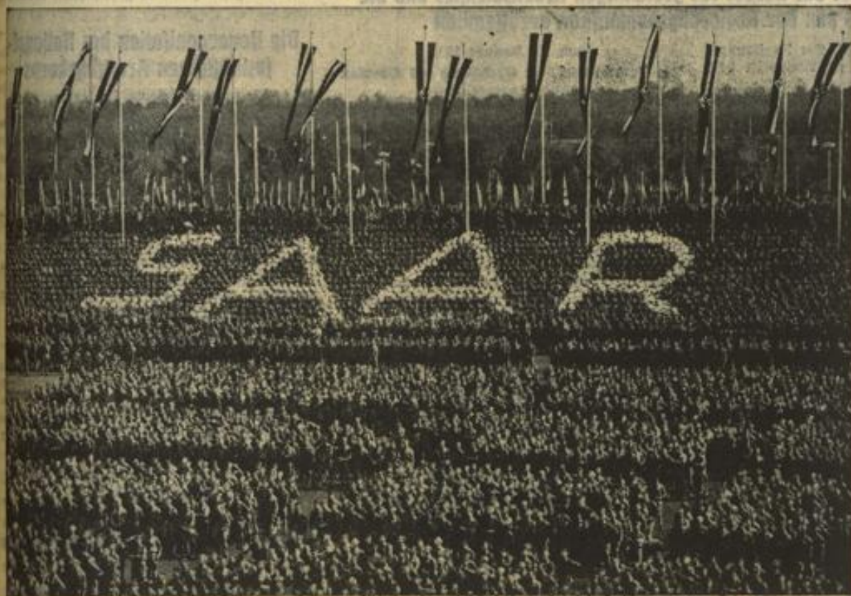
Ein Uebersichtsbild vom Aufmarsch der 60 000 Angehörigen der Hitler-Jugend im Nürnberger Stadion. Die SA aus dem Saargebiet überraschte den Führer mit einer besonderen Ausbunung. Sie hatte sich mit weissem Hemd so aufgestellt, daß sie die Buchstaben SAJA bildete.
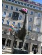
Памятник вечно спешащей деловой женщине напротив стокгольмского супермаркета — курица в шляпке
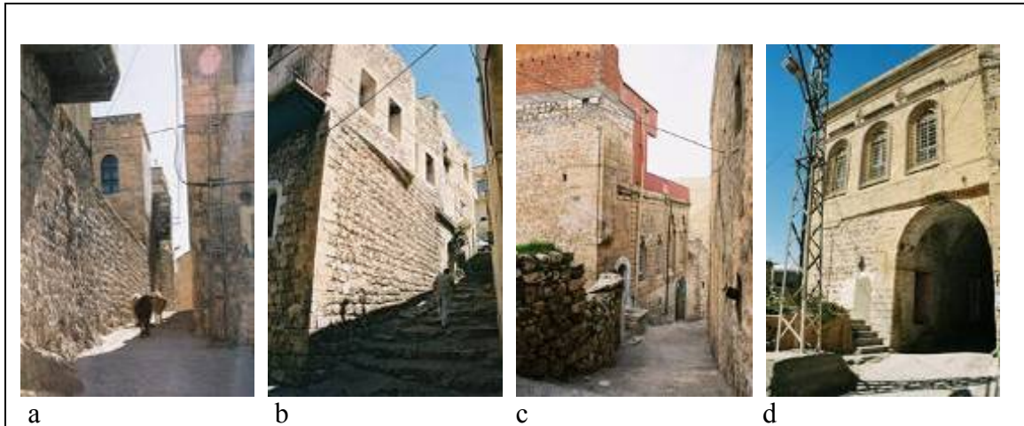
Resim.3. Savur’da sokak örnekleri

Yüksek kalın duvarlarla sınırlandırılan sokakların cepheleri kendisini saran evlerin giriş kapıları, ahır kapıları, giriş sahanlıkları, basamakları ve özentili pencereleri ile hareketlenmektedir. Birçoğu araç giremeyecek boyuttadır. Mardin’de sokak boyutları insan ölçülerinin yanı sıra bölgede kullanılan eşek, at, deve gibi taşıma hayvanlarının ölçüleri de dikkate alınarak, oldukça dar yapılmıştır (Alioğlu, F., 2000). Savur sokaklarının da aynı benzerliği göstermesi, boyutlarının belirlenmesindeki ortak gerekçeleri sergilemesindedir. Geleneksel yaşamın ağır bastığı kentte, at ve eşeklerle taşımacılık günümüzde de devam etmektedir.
---
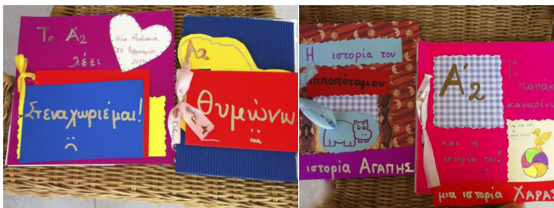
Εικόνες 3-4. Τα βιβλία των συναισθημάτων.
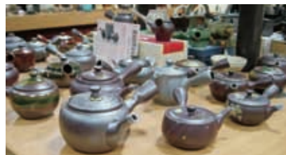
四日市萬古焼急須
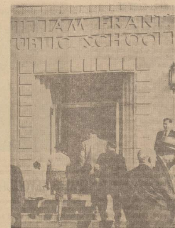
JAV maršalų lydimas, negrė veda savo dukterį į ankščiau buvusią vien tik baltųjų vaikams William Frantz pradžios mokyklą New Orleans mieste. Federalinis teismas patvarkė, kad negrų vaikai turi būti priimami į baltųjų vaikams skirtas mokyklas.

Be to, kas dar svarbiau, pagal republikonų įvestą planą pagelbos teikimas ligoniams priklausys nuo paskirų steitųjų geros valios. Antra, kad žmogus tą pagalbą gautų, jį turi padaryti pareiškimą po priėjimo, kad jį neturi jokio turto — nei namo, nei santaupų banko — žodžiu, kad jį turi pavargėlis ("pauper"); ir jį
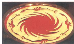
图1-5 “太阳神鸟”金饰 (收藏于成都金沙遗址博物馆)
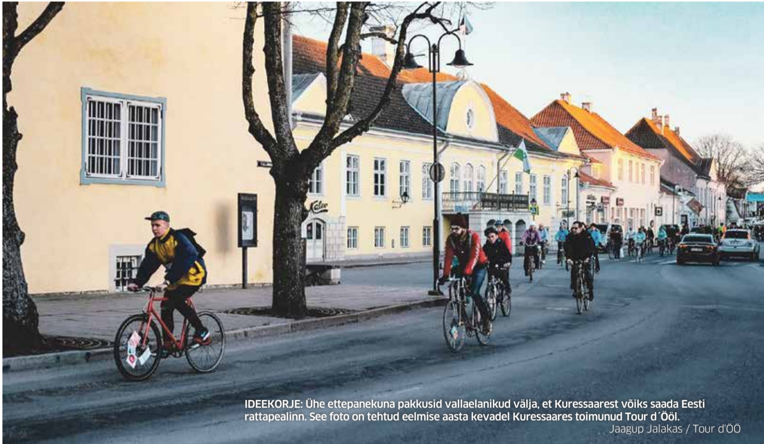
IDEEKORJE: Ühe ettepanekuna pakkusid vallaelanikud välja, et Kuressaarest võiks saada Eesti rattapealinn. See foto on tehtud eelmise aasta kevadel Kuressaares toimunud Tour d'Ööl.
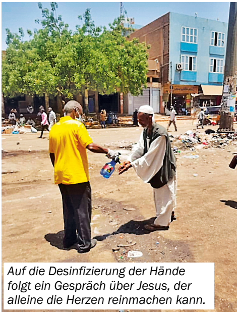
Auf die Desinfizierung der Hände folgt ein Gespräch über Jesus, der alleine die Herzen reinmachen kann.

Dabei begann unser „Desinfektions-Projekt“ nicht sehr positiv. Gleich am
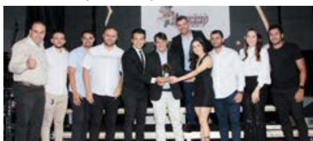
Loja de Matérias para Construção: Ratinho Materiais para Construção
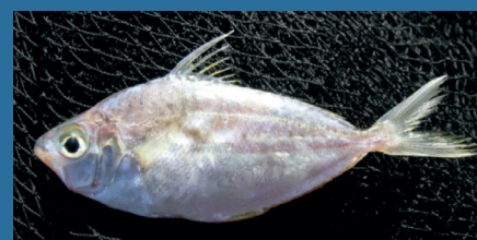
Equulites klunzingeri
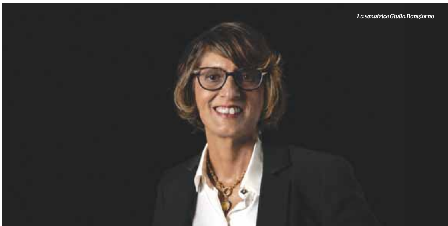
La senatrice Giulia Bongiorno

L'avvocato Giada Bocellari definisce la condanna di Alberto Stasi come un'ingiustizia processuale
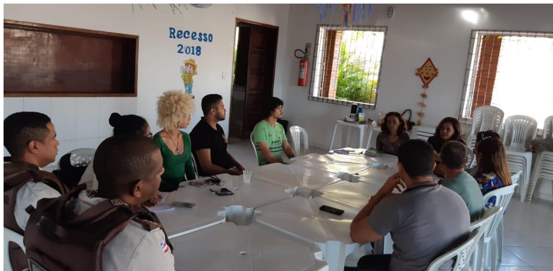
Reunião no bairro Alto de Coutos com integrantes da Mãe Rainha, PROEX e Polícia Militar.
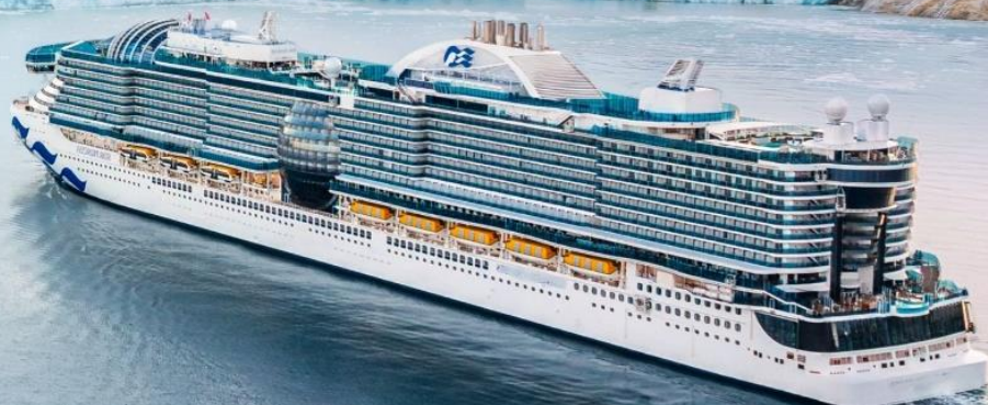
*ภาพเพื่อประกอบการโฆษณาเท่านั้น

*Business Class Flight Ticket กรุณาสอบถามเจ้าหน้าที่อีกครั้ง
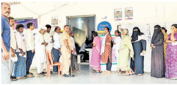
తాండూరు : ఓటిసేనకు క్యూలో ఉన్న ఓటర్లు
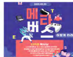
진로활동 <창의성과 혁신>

--- Work order ---
Would you output only the span of the records above that opens with the line containing "Ein Uebersichtsbild vom" and closes with the line containing "Resim.3. Savur’da sokak örnekleri", ends included and pictures dropped?

--- Exercise result ---
Ein Uebersichtsbild vom Aufmarsch der 60 000 Angehörigen der Hitler-Jugend im Nürnberger Stadion. Die SA aus dem Saargebiet überraschte den Führer mit einer besonderen Ausbunung. Sie hatte sich mit weissem Hemd so aufgestellt, daß sie die Buchstaben SAJA bildete.
Памятник вечно спешащей деловой женщине напротив стокгольмского супермаркета — курица в шляпке
Resim.3. Savur’da sokak örnekleri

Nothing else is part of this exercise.